Spousal Inherited IRAs

Husband was sole beneficiary of wife’s IRA. She died in 1993 when both were age 72. Her account was retitled as a beneficiary IRA, but he elected to treat as his own and took RMDs for all years based on the uniform table. There was no advantage to not transferring to his IRA, but for his own reasons he wanted to keep “her” IRA separate. He passed away in 2010. He had taken his RMD for that year before his death. His 3 children were named as beneficiaries of both his and his wife’s IRA. I realize that each of them can establish a beneficiary IRA for their 1/3 of father’s IRA and begin taking RMDs based on their single life expectancy. Is the same true for mother’s IRA since father had elected to treat as his own? If not, how do they proceed.



This is a tricky scenario.

He started out at 72 treating the inherited IRA as such. However, the RMD for an inherited IRA is HIGHER THAN the RMD if he had assumed ownership. As long as he took this higher RMD using the single life table (can use the actual divisor each year rather than reducing by 1.0 each year) the status remains. However, the first year he failed to take the full inherited IRA, the account by default is treated as if he owned it even though he did not re title it. That would then reduce his RMD divisor from that point on to the same divisor he uses on his own IRA.

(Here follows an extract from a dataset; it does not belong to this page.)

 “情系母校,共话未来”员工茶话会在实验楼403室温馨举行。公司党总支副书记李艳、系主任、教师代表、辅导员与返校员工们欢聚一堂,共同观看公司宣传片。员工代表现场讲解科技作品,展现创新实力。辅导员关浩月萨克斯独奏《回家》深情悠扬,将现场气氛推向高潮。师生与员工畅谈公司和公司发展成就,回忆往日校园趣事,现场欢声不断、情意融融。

Now the children can only hope that both of two things occurred:
1) He named them as successor beneficiaries after his wife died instead of just leaving them on as contingent beneficiaries.
2) The IRA defaulted to owned status per the above paragraph.

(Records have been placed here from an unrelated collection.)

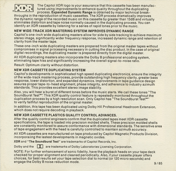 Release Information: 1994 Capitol Records remastered and repackaged cassette with lyrics and photos in booklet.
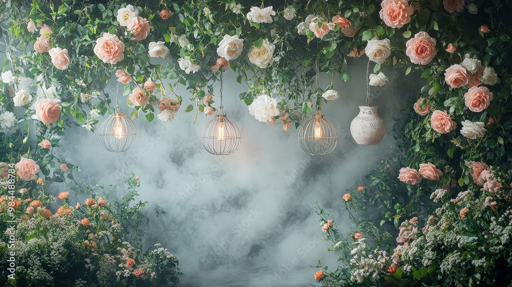 Những bông hoa hồng đỏ rực, biểu tượng của tình yêu cháy bỏng, hòa quyện cùng sắc hồng dịu dàng như thể cả căn phòng đang thở nhịp yêu thương. Tấm màn trắng buông nhẹ tựa như tấm rèm che chở, bao bọc không gian riêng tư, nơi tình yêu được nuôi dưỡng và lớn lên từng ngày.
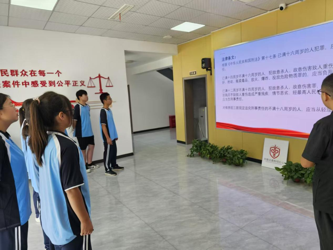 8月22日,雄縣人民法院開展“雄小荷”系列活動之雄安站樞紐片區(qū)人民法庭開放日活動,邀請樞紐片區(qū)法庭周邊學(xué)生及老師來到法庭,以“走進(jìn)法庭,護(hù)航未來”為主題,與老師、學(xué)生們共話未成年人健康成長。

If both apply, the children are designated beneficiaries on both IRAs and can use their own life expectancies. But if the IRA remained as inherited because he met the inherited RMD requirement, the children are then only successor beneficiaries and can only continue the RMD schedule he was using except that they will have to use the 1.0 reduction and would have to drain the account within about 6 years.

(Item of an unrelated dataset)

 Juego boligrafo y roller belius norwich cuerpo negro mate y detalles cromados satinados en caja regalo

Note that if the children cannot use their own life expectancy per the above, they can still create separate accounts (if they are in fact the beneficiaries), but cannot combine these with their separate accounts from the other IRA he owned because the divisor will be different. They would have a much longer stretch from the IRA he owned than the one he maintained as inherited.

If you find that husband defaulted to ownership per above rules, please let me know because they need to keep documentation of what happened in case the IRS inquires.